BEGIN Records provided

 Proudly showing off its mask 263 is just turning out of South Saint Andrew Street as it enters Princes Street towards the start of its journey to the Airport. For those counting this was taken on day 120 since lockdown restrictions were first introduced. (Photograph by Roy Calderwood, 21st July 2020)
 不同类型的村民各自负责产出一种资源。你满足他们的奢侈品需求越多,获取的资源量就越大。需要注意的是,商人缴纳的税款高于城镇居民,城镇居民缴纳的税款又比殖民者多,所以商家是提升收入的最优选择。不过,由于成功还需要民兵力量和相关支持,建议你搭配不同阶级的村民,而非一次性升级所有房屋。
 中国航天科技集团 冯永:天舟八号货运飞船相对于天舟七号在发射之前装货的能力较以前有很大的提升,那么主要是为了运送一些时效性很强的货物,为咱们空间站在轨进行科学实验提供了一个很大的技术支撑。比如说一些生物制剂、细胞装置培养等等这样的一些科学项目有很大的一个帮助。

END Records provided
BEGIN Records provided

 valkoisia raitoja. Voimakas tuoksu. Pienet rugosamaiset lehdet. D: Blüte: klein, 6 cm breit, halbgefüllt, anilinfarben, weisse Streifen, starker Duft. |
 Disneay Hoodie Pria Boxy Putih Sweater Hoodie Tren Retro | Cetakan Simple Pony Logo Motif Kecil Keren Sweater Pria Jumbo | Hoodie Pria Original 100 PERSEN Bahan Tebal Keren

END Records provided

Aim of the exercise. Find the line with "不同类型的村民各自负责产出一" in the material above. Reproduce it and each line after it up to and including the line with "中国航天科技集团 冯永:天舟".

Result for this task.
 不同类型的村民各自负责产出一种资源。你满足他们的奢侈品需求越多,获取的资源量就越大。需要注意的是,商人缴纳的税款高于城镇居民,城镇居民缴纳的税款又比殖民者多,所以商家是提升收入的最优选择。不过,由于成功还需要民兵力量和相关支持,建议你搭配不同阶级的村民,而非一次性升级所有房屋。
 中国航天科技集团 冯永:天舟八号货运飞船相对于天舟七号在发射之前装货的能力较以前有很大的提升,那么主要是为了运送一些时效性很强的货物,为咱们空间站在轨进行科学实验提供了一个很大的技术支撑。比如说一些生物制剂、细胞装置培养等等这样的一些科学项目有很大的一个帮助。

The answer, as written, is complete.